_Exercise brief_
The lines to copy run from the one containing "Promoted to Mommy, Μπρελόκ" to the last line of the entries; output those lines exactly and only them, without pictures.
=== Source material ===
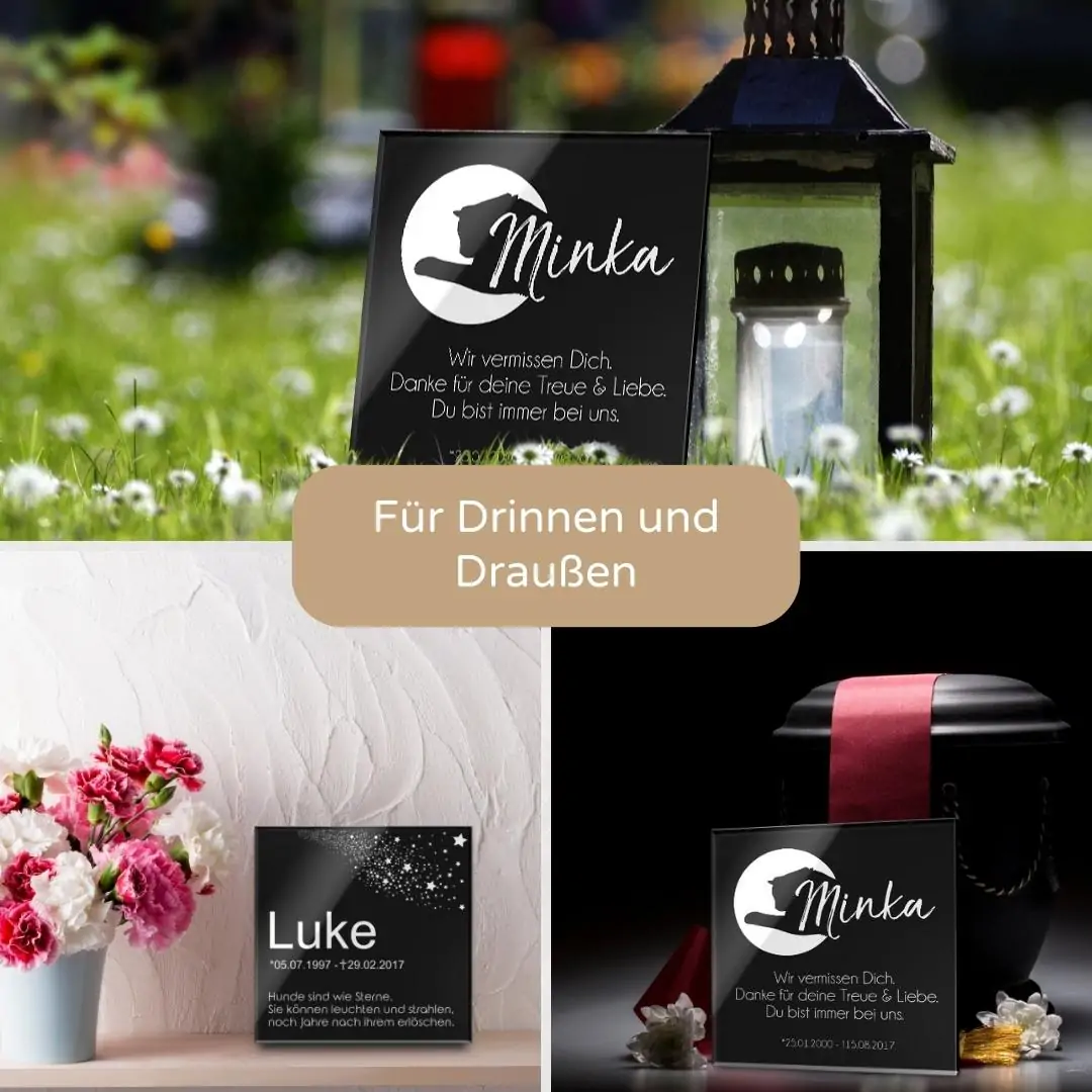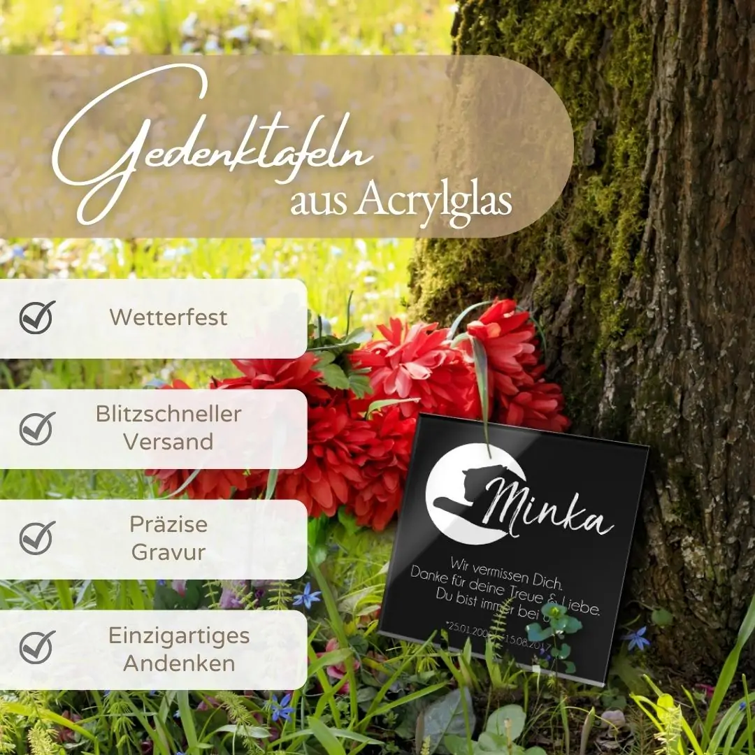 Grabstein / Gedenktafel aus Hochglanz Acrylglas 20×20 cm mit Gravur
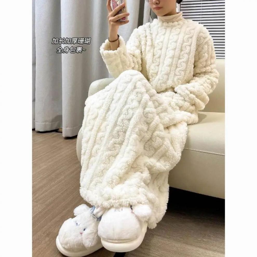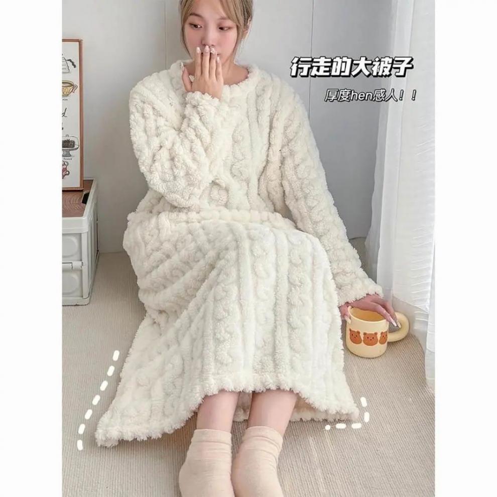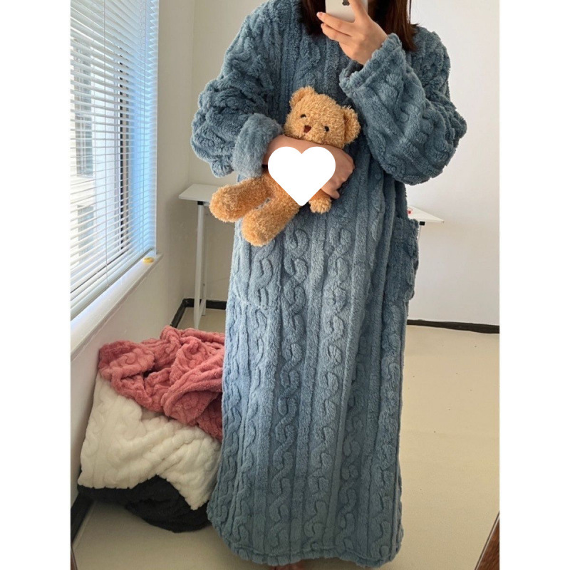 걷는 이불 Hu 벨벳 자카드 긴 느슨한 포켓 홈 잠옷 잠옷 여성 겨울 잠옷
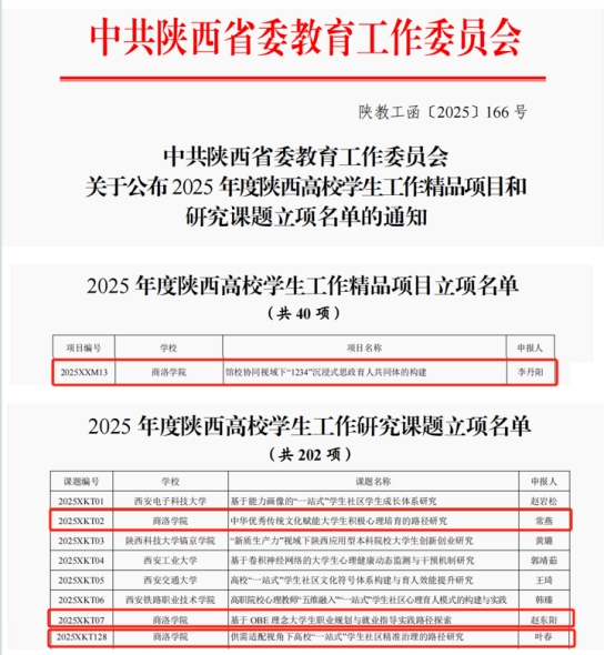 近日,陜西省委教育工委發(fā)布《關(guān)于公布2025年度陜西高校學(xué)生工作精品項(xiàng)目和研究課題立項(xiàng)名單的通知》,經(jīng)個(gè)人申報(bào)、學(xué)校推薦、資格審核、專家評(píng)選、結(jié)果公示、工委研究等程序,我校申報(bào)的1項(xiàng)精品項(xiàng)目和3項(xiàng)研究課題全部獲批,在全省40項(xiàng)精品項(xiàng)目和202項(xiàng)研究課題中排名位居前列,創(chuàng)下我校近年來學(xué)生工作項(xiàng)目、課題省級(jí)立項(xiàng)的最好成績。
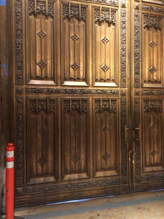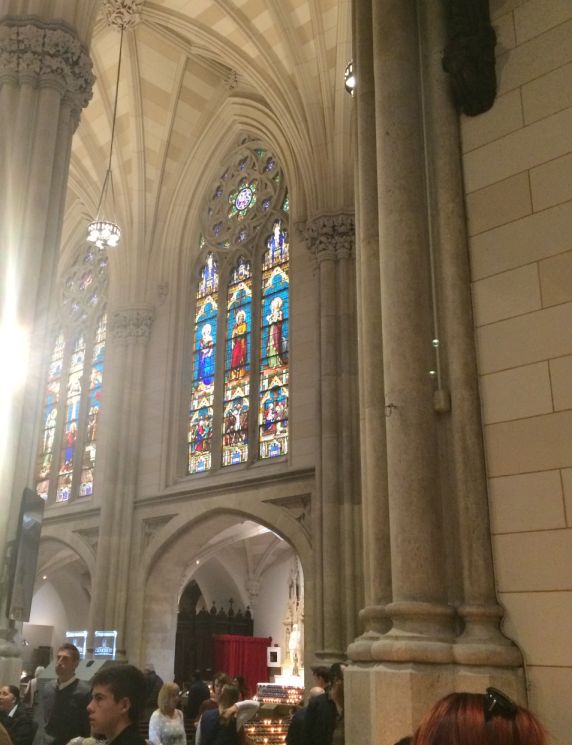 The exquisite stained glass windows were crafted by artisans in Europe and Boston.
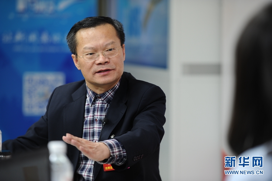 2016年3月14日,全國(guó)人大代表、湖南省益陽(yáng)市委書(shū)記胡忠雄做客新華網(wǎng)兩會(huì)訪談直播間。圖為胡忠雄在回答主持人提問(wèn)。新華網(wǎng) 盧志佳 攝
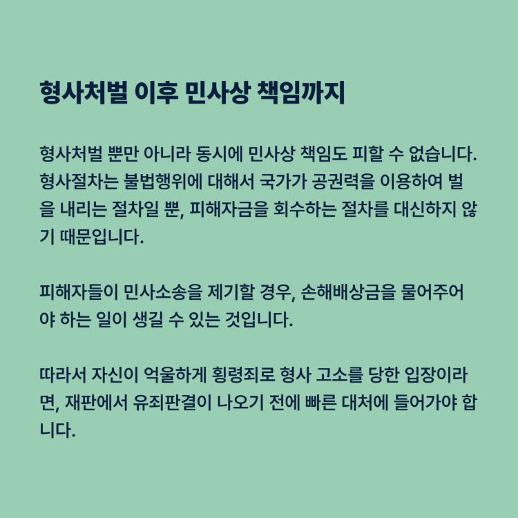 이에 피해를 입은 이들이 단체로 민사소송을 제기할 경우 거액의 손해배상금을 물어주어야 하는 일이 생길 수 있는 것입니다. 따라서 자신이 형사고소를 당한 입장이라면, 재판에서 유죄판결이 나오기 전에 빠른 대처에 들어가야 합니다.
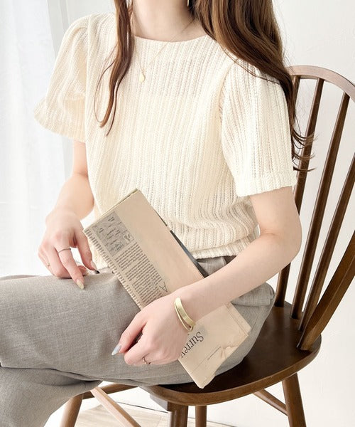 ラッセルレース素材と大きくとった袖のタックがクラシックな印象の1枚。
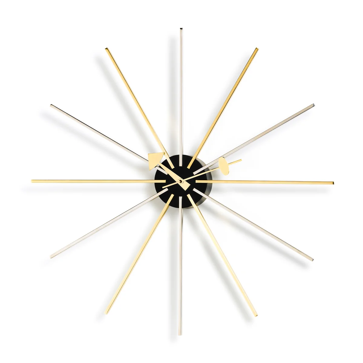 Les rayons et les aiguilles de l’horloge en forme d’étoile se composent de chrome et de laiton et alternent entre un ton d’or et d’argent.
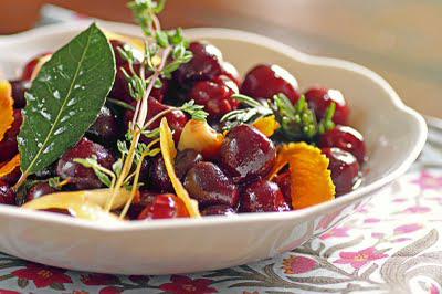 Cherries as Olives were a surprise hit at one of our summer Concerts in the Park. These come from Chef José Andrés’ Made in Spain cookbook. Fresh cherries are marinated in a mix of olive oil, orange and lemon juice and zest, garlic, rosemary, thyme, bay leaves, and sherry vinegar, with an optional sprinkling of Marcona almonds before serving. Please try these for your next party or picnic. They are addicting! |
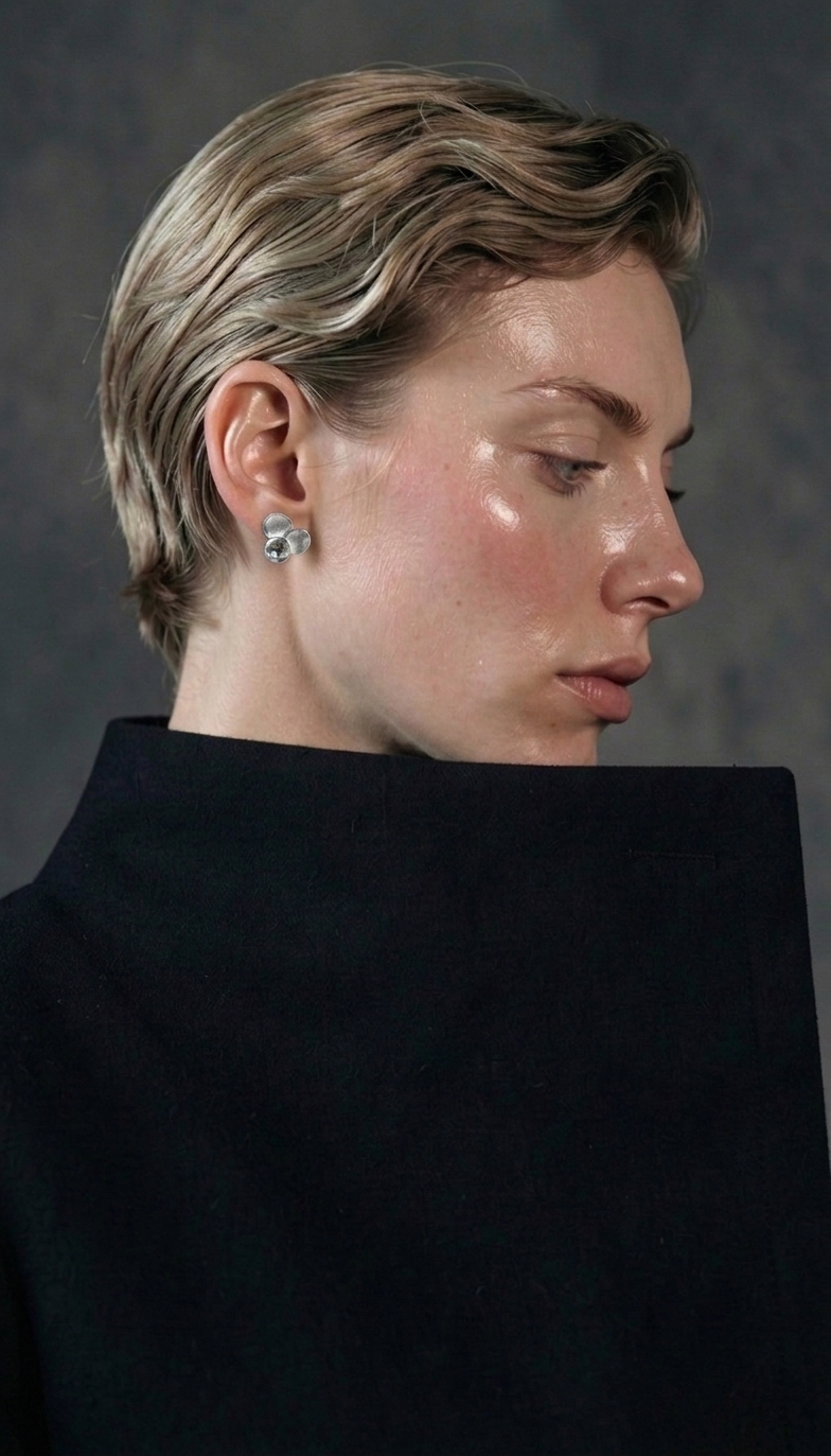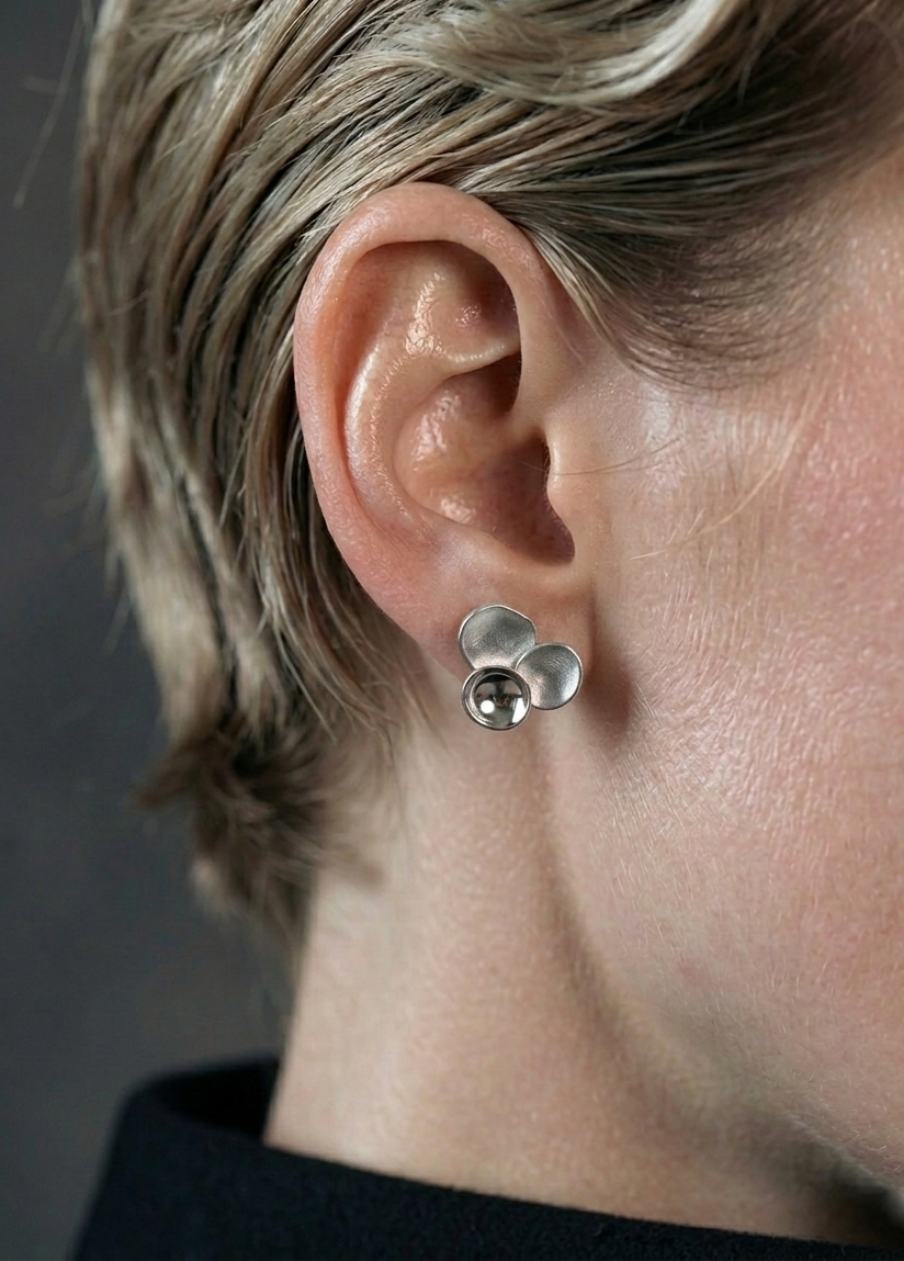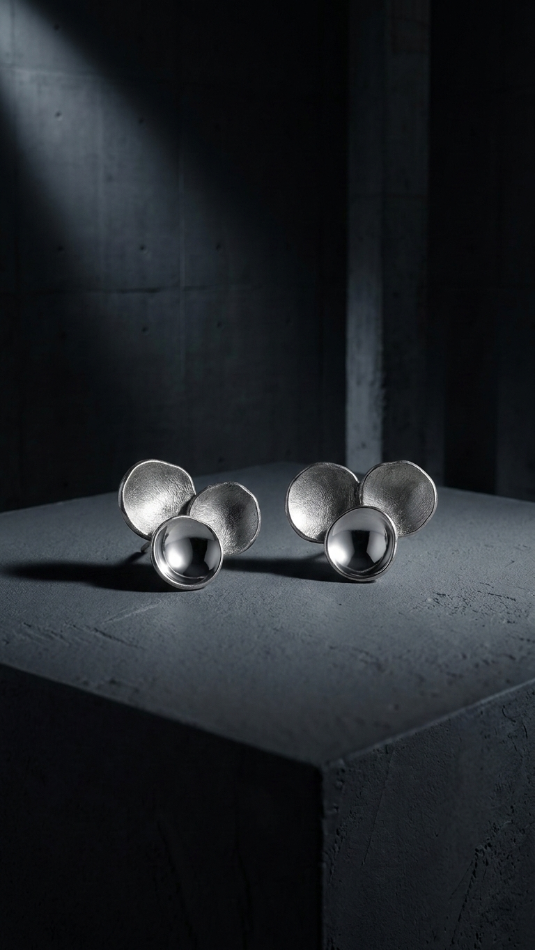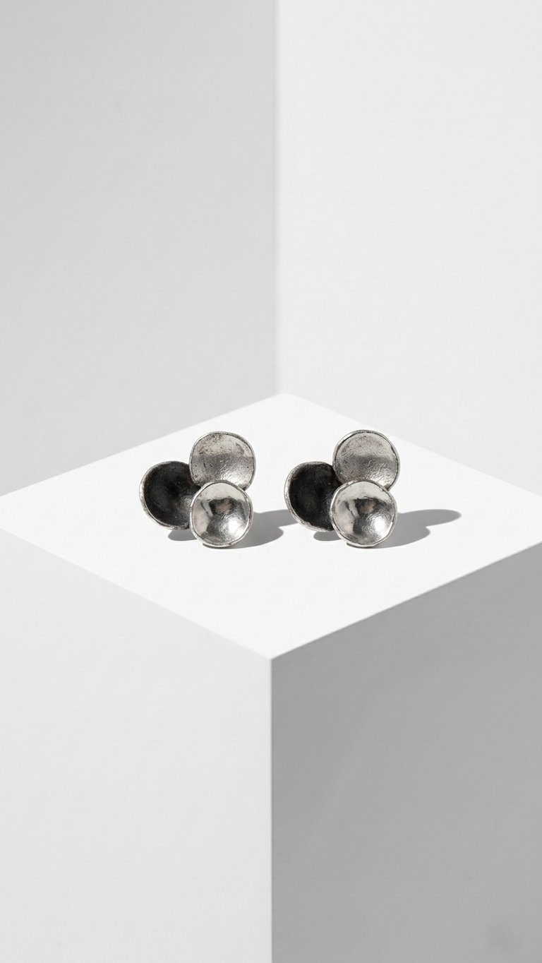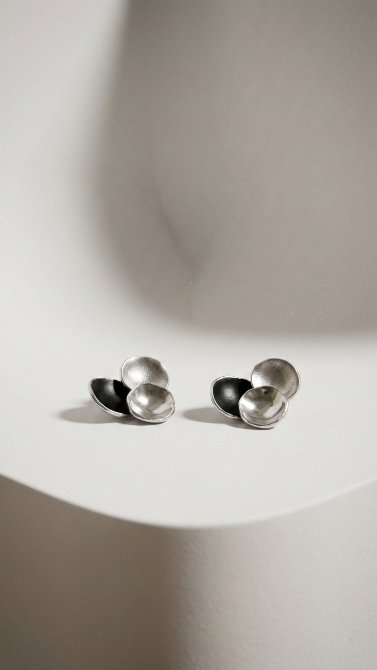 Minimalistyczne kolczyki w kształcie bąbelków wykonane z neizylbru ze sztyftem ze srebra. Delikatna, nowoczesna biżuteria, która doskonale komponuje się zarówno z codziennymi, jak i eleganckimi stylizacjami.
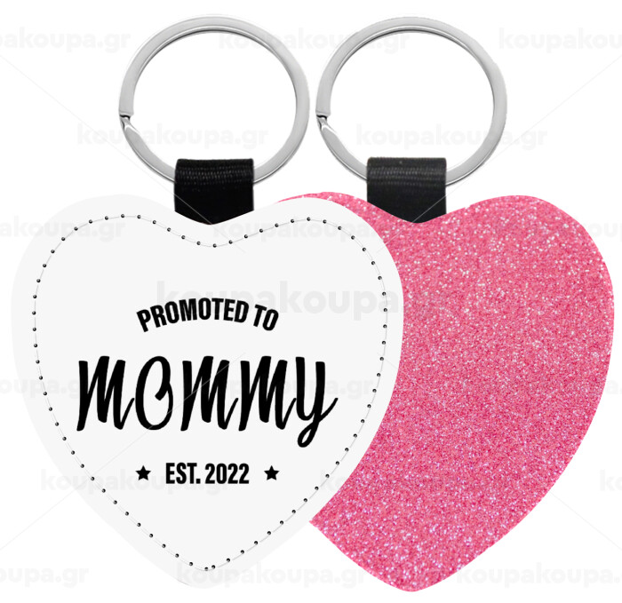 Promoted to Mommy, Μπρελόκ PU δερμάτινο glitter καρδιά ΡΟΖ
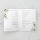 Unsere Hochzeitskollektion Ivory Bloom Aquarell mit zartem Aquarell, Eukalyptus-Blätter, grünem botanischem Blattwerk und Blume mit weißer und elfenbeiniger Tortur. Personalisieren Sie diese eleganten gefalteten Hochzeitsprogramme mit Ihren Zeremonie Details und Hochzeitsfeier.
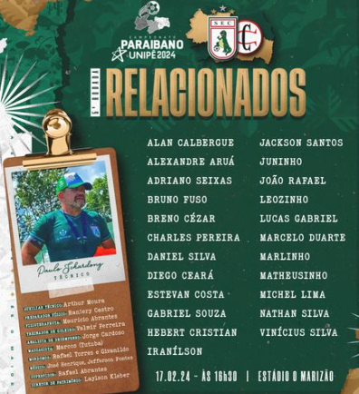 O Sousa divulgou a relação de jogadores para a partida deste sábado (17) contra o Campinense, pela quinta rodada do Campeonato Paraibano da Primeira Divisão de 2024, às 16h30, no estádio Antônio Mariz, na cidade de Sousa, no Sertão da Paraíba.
===
_Response to this exercise_
 Promoted to Mommy, Μπρελόκ PU δερμάτινο glitter καρδιά ΡΟΖ
 Unsere Hochzeitskollektion Ivory Bloom Aquarell mit zartem Aquarell, Eukalyptus-Blätter, grünem botanischem Blattwerk und Blume mit weißer und elfenbeiniger Tortur. Personalisieren Sie diese eleganten gefalteten Hochzeitsprogramme mit Ihren Zeremonie Details und Hochzeitsfeier.
 O Sousa divulgou a relação de jogadores para a partida deste sábado (17) contra o Campinense, pela quinta rodada do Campeonato Paraibano da Primeira Divisão de 2024, às 16h30, no estádio Antônio Mariz, na cidade de Sousa, no Sertão da Paraíba.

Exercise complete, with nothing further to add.